Налив зубной эликсир в стаканчик, он прополоскал рот:
– Генрих сообщал, что среди высшего офицерства есть недовольные Гитлером. На подобной информации нас поймали, капитан Шеммель, то есть Шелленберг. Значит, и СД такие сведения известны. Известны, конечно, – рассердился на себя Джон, – Берлин маленький город, если смотреть с точки зрения распространения слухов. Они все друг друга знают, как и мы. Наши фото у них тоже имеются. Мои снимки совершенно точно… – выплюнув эликсир, он похлопал себя по гладко выбритым щекам.
В Адмиралтействе скептически относились к возможностям Британии и Франции атаковать Германию первыми. Генералам мерещились орды сталинских варваров, стоящие прямо за линией Мажино. Из разговоров с кузеном Стивеном, Джон понял, что в британском экспедиционном корпусе, и среди молодых французских офицеров много недовольных бездействием войск. Поднял руку, он провел пальцами по затылку. Шрам, под коротко стрижеными, светлыми волосами, давно сгладился.

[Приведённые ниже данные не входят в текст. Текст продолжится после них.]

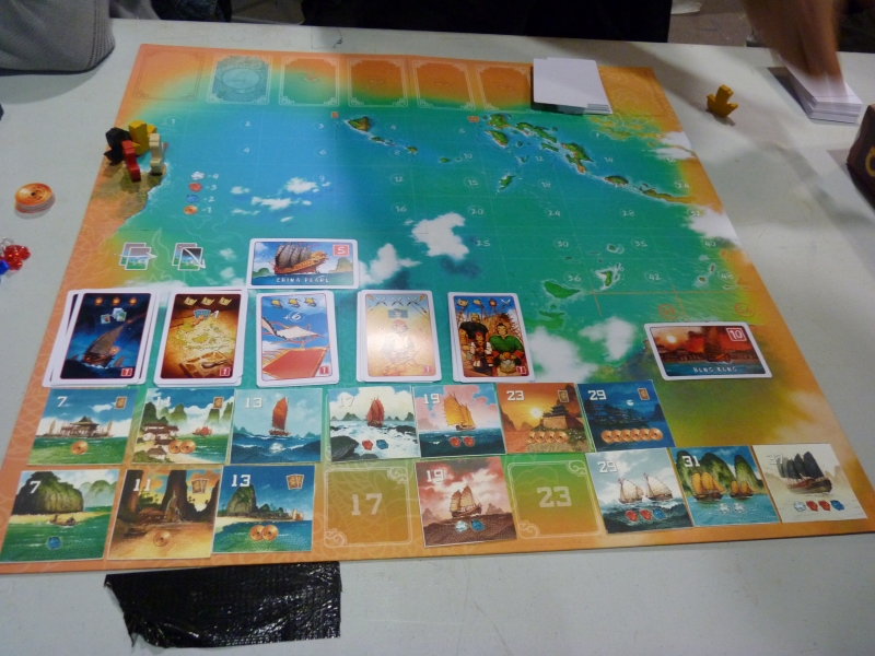 A votre tour, vous faites avancer votre bateau sur le plateau en posant une carte sachant que si vous gardez la même couleur d'un tour sur l'autre vous avancez tout droit, si vous changez de couleur, vous descendez (et plus vous descendez plus vous vous approchez du grand objectif qui rapporte bien, mais plus vous allez tout droit plus vous pouvez faire des rencontres…) attention, il faut toujours que les valeurs de vos cartes aillent croissant ! Et oui… sinon ça serait trop simple…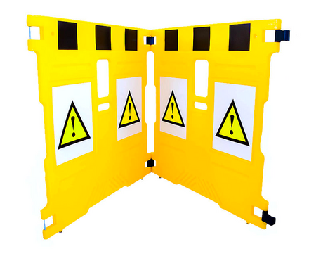 SuperGard est un système de barrière modulaire plus haut et plus large, conçu pour offrir une sécurité accrue lors de la délimitation des zones de travail du grand public pendant les travaux de réparation ou d'entretien. Idéal pour les escaliers mécaniques et les trottoirs roulants, les ensembles de 2 panneaux peuvent être reliés entre eux grâce au système de charnière breveté à encliquetage. Mesurant 1100 mm de haut et 1100 mm de large, cette clôture de sécurité durable et légère offre une flexibilité accrue avec des panneaux individuels supplémentaires de 550 mm. Cette barrière polyvalente est fabriquée en polyéthylène robuste et durable. Chaque cadre de panneau est équipé de pieds en caoutchouc pour offrir une excellente adhérence sur toute surface. Ce panneau à finition lisse et polie permet un nettoyage facile tandis que les panneaux se replient pour un rangement aisé.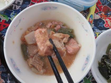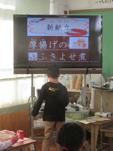 今回の給食の新献立は,厚揚げのふきよせ煮でした。厚揚げ,鶏肉,にんじん,三度豆,たけのこ,しいたけ,こんにゃくをじっくり煮て作られています。「ふきよせ」とは,風にふきよせられて集まった木の実や葉っぱのようにいろどりよくもりつけた料理のことです。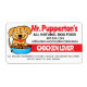 Cute, chien heureux ou chiot avec un bol de nourriture sur ce produit étiquette pour un chef de cuisine pour animaux de compagnie, gâteries maison pour chien ou nourriture saine pour chien, personnalisée avec votre choix de polices et de couleurs partout.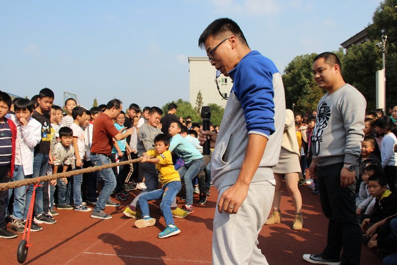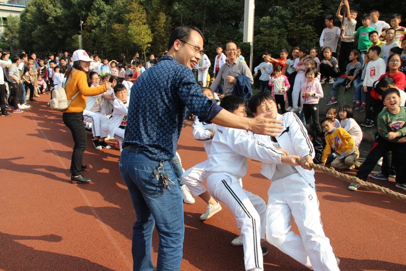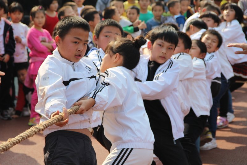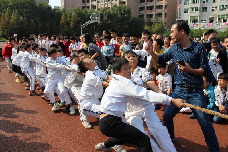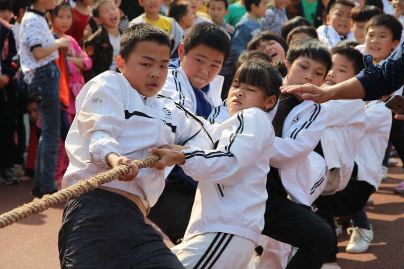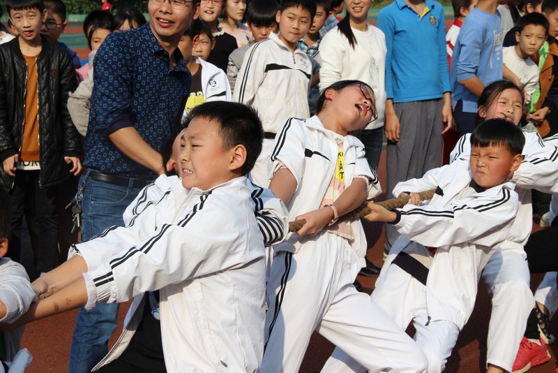比赛场中各班运动员紧握麻绳,使出全身力气,仰头咬牙,使劲往后拉,20名健将的力气聚合在一起形成一股强大的拉力,在同学们的加油声中互相较量比拼,这是力量和意志的比拼。经过2个多小时的激烈角逐,最终六2班和六4班脱颖而出,进入决赛。决赛中,双方势均力敌,红色标记在两队之间左右移动,双方各胜一局,难分胜负,把比赛推向高潮。决定冠军的第三局比赛开始了,在同学们激扬的加油声中,双方运动员互不相让,大家的脸涨得通红,拼命把身子压低,双手往后拉,绳子僵持在中间,仿佛快要断了一般,最终六4班力压群雄获得冠军。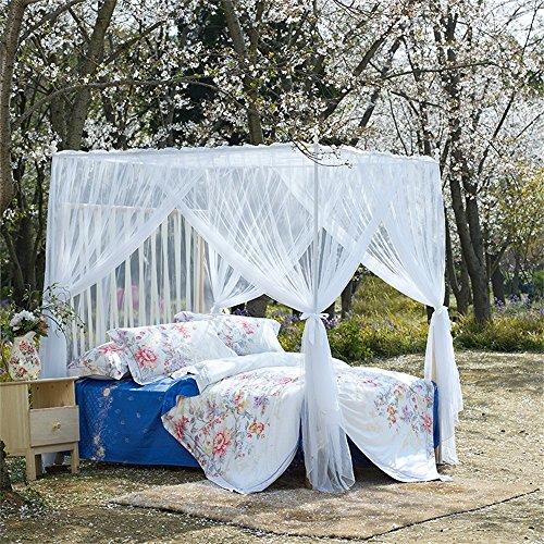 royal-ヨーロピアンスタイルスクエアトップMosquito Net three-door暗号化Thickeningホームダブルベッドプリンセススタイルステンレススチールブラケットホワイト 2.0m (6.6 feet) bed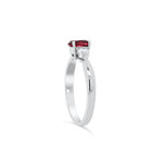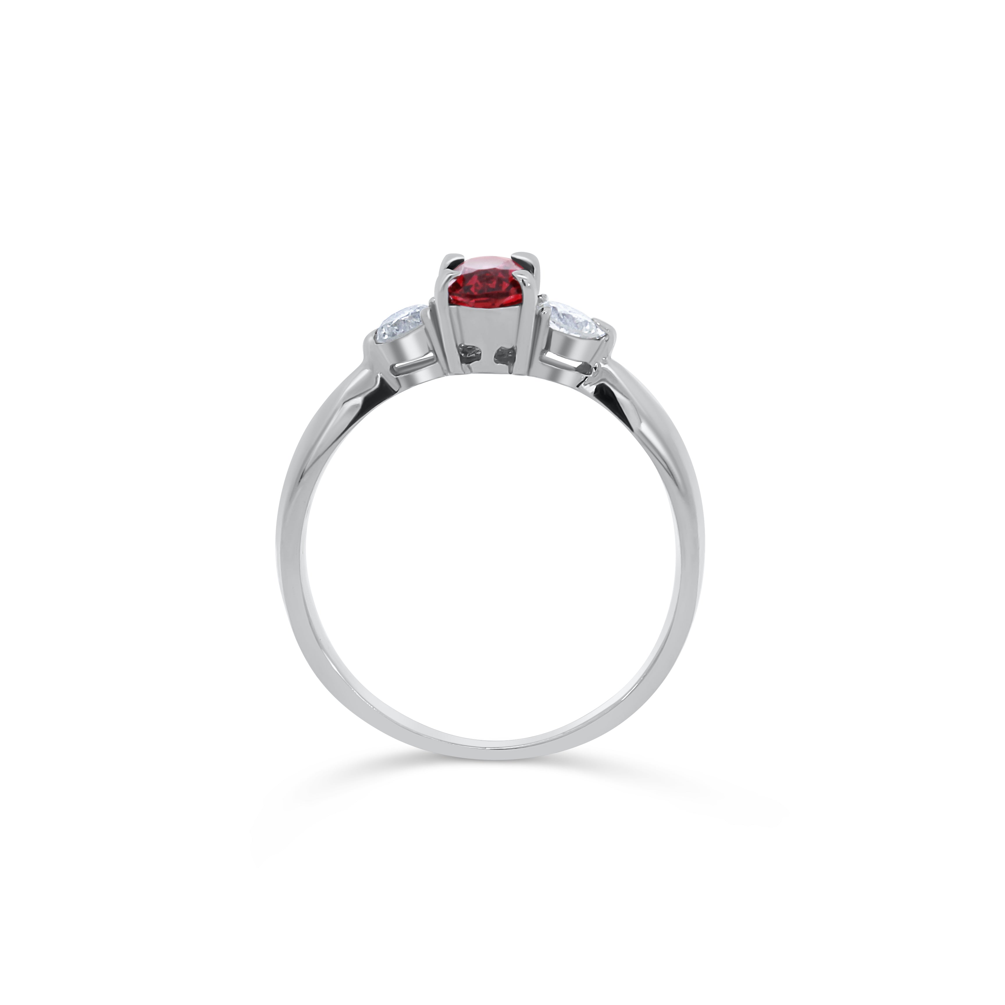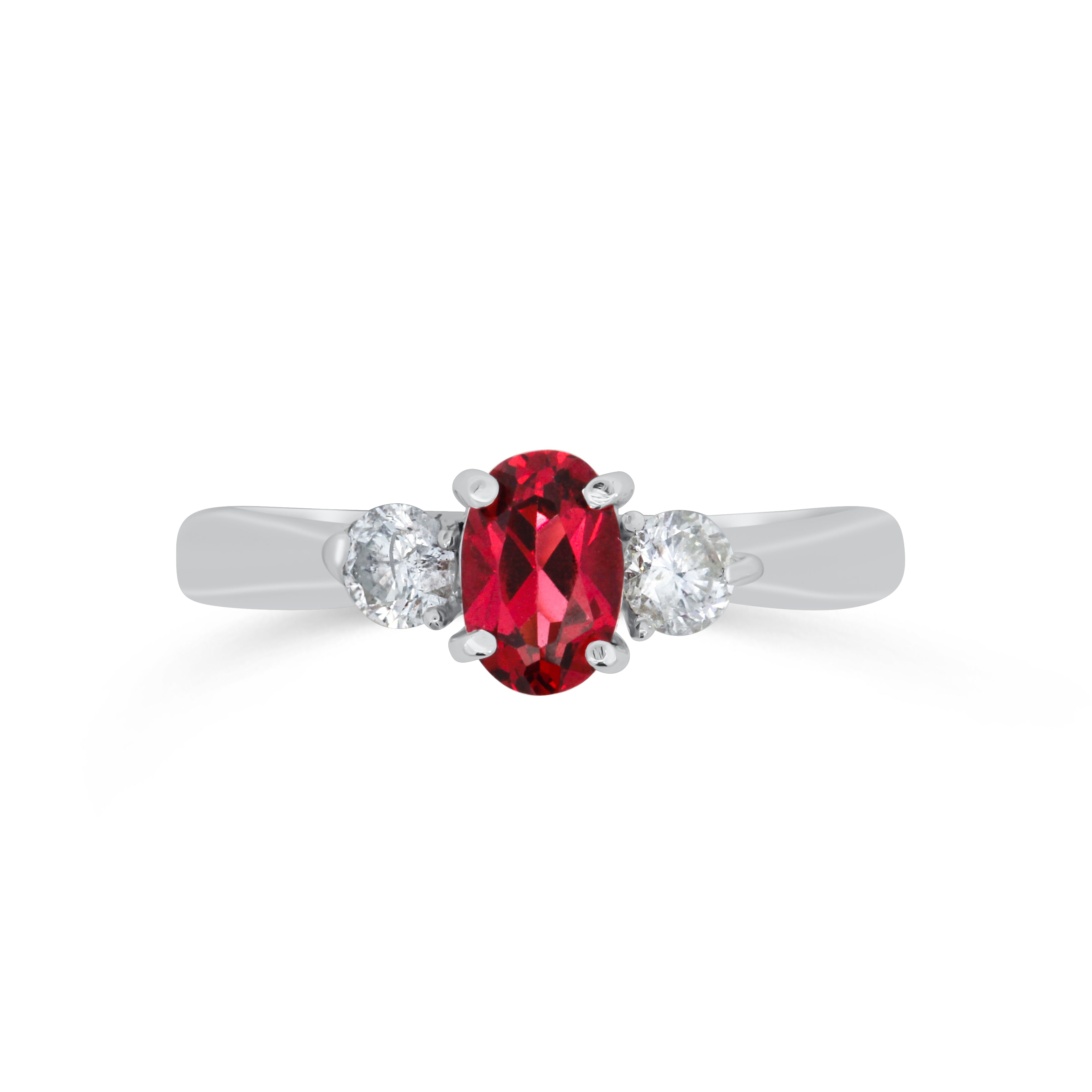 This stunning 14KT White Gold ring showcases a 3 stone design featuring a 0.62CT oval Rhodalite Garnet and 0.31CT TWD Diamonds. Perfect for adding a touch of elegance and color to any outfit.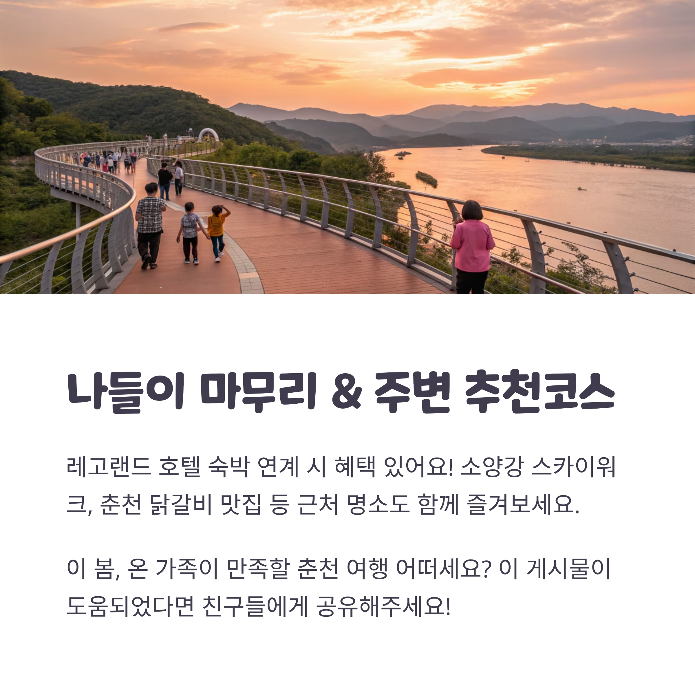 레고랜드 관람 후에는 근처 소양강 스카이워크, 남이섬, 춘천 닭갈비 골목도 함께 둘러보세요

– Французы наступали… – запахнув потрепанный халат из шотландки, Джон, прошел в спальню, – и чем все закончилось? Сидят за линией Мажино. Кузен Мишель погиб, скорее всего, а Теодор в карты играет, с другими офицерами… – на совещании Лаура доказывала, что линия Мажино не помешает немецкой атаке.
В спальне висела карта Европы:
– Если они, и вправду, двинут соединения танков через Арденны… – Джон остановился у стены, – то французские укрепления останутся к югу. Конечно, никто и никогда не бросал механизированные соединения через горы, но на прошлой войне танков и не видели. Отец кузена Мэтью в одном из первых механизмов сгорел… – вспомнив о Мэтью, Джон недовольно покачал головой. В Америке оказалось больше физиков, беженцев из Европы. Судя по всему, тамошнее военное ведомство денег на содержание ученых не жалело.
– В отличие от нас… – герцог нашел глазами точку на карте:
– Мон-Сен-Мартен прямо на острие немецкой атаки окажется. Если атака случится… – он напомнил себе, что надо отобрать, из девушек Лауры, надежного человека, на смену Звезде:
– С голландским языком… – Джон велел себе не думать об Эстер, – а пани Качиньская пусть едет в Польшу.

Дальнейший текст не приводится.